The amounts of strigolactones released from L. albus, however, were quite low compared with mycotrophic plants. Indeed, the amounts of orobanchol and orobanchyl acetate, per unit root fresh weight, released from L. albus grown under P starvation were only 1/24 000 and 1/4080 that from T. pratense, respectively. Although sizes and growth stages of plants and the composition of strigolactones produced were different and thus direct comparisons were not possible, the total amount (or activity) of all strigolactones exuded by L. albus would be c. 1/1000 that exuded by T. pratense. For example, in the case of T. pratense, approx. 80% germination of O. minor was induced at 500-µl equivalent of the control culture (1/2 Tadano & Tanaka) medium (Yoneyama et al., 2007a) and a similar level of germination was achieved at 450-ml equivalent of the control medium of L. albus (Fig. 4b).

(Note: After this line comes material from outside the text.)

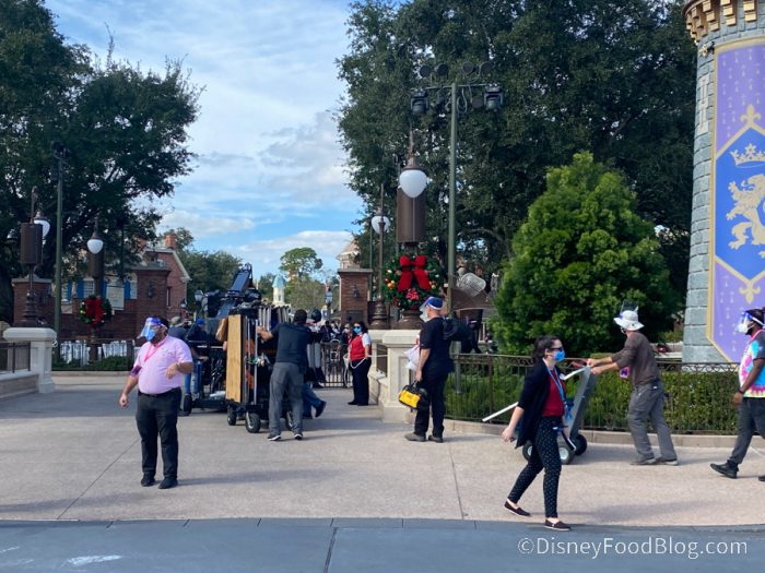 We happened upon some filming at Magic Kingdom, which we think might be for the upcoming ABC Disney Parks Holiday Special!
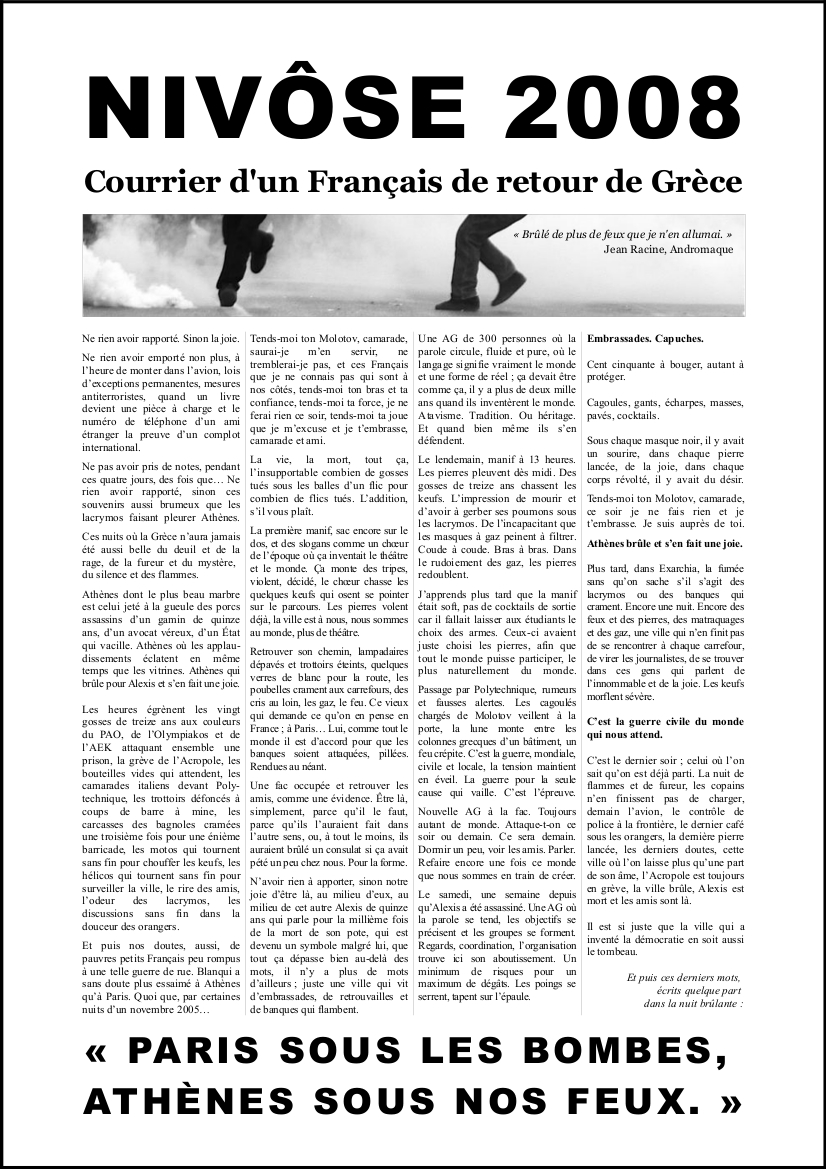 Et puis nos doutes, aussi, de pauvres petits Français peu rompus à une telle guerre de rue. Blanqui a sans doute plus essaimé à Athènes qu’à Paris. Quoi que, par certaines nuits d’un novembre 2005…

Another clear difference between mycotrophic and nonmycotrophic plants was observed in the response of strigolactone exudation to nutrient deficiency. In the cases of T. pratense and S. bicolor, which are host plants of AM fungi, P deficiency (and also N deficiency in S. bicolor) significantly promoted strigolactone exudation (Yoneyama et al., 2007a,b). In the case of L. albus, however, P and N deficiency slightly reduced strigolactone exudation (Fig. 4). Such a decrease in strigolactone production may be attributable to a reduction in metabolic functions in L. albus under N and P deficiencies. In another nonmycotrophic plant, Spinacia oleracia, neither P nor N deficiency enhanced strigolactone production (K. Yoneyama, unpublished).
Recently, the strigolactone orobanchol was identified from the root exudates of Arabidopsis thaliana, a host of Orobanche spp. but not of AM fungi (Goldwasser et al., 2008). These results suggest that strigolactones have other unknown functions indispensable for the normal growth and development of plants themselves.
Legumes are thought to be very versatile in their symbioses (Sprent & James, 2007). Therefore, further work on the characterization of strigolactones from nodulating and nonnodulating legumes and legumes that produce ectomycorrhiza, and the effects of mineral nutrients on their strigolactone production, can be expected to unveil the functions of strigolactones in the rhizosphere community and in plants.